Starting with the line that has "若不希望每次產生簡報套版都還需要進入 Airtable 手動觸發的話,其實也可以依據特定時間來觸發簡報套版的流程!" and finishing with the line that has "階段で、パタパタトンボと戯れる。。。", set down each line below exactly. Pictures are not copied.

Available records:
################

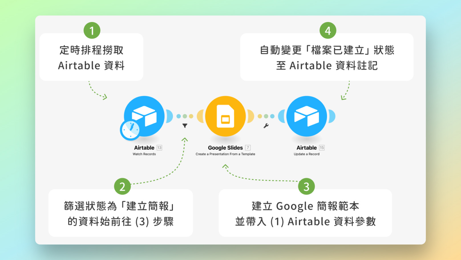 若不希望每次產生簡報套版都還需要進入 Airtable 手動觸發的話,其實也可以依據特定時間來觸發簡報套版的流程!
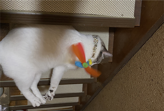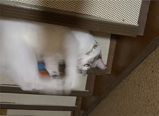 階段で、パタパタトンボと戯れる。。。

################

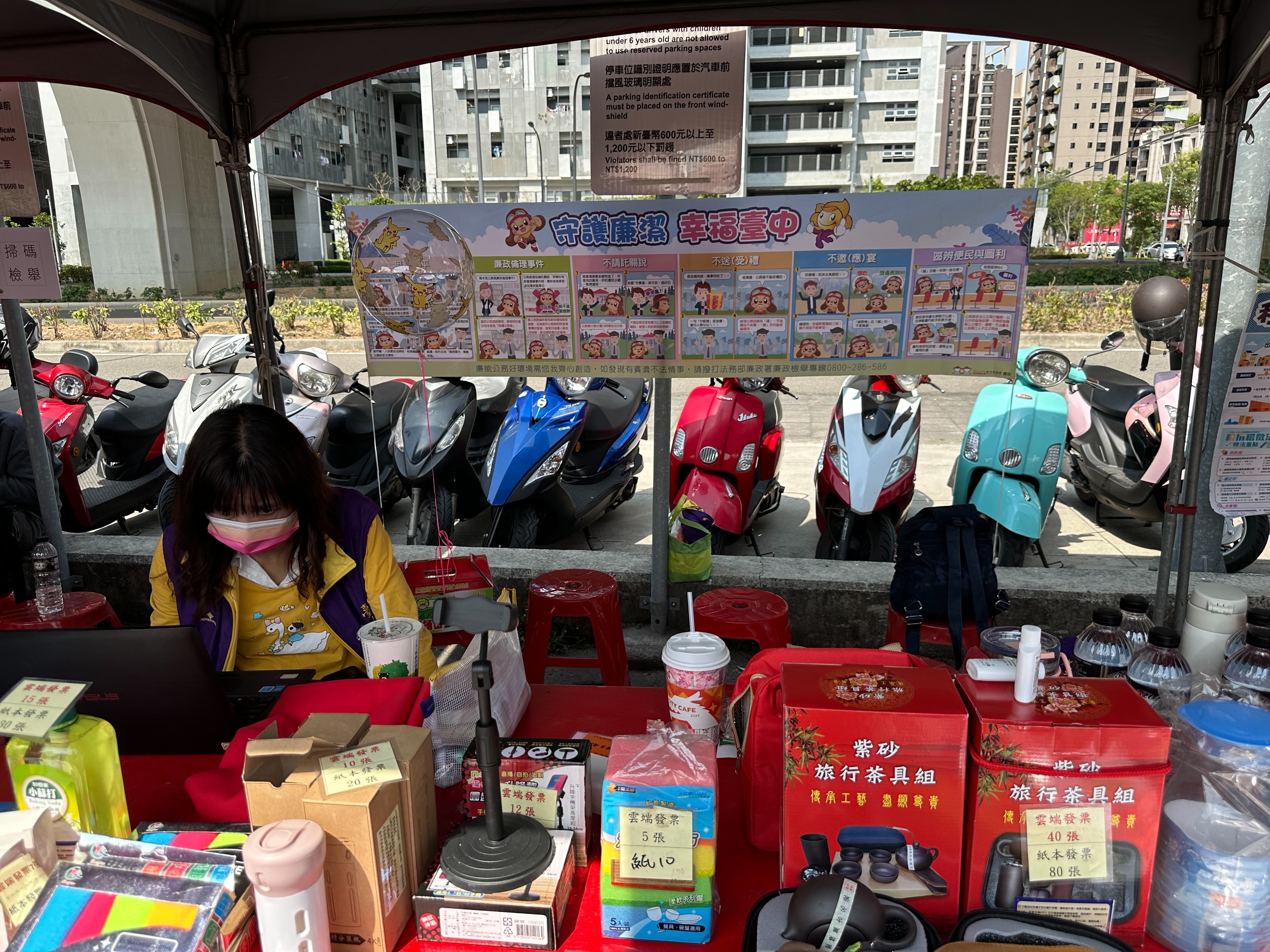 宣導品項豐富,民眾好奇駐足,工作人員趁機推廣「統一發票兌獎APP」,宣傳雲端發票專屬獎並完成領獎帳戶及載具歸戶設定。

################

Worked solution:
 若不希望每次產生簡報套版都還需要進入 Airtable 手動觸發的話,其實也可以依據特定時間來觸發簡報套版的流程!
 階段で、パタパタトンボと戯れる。。。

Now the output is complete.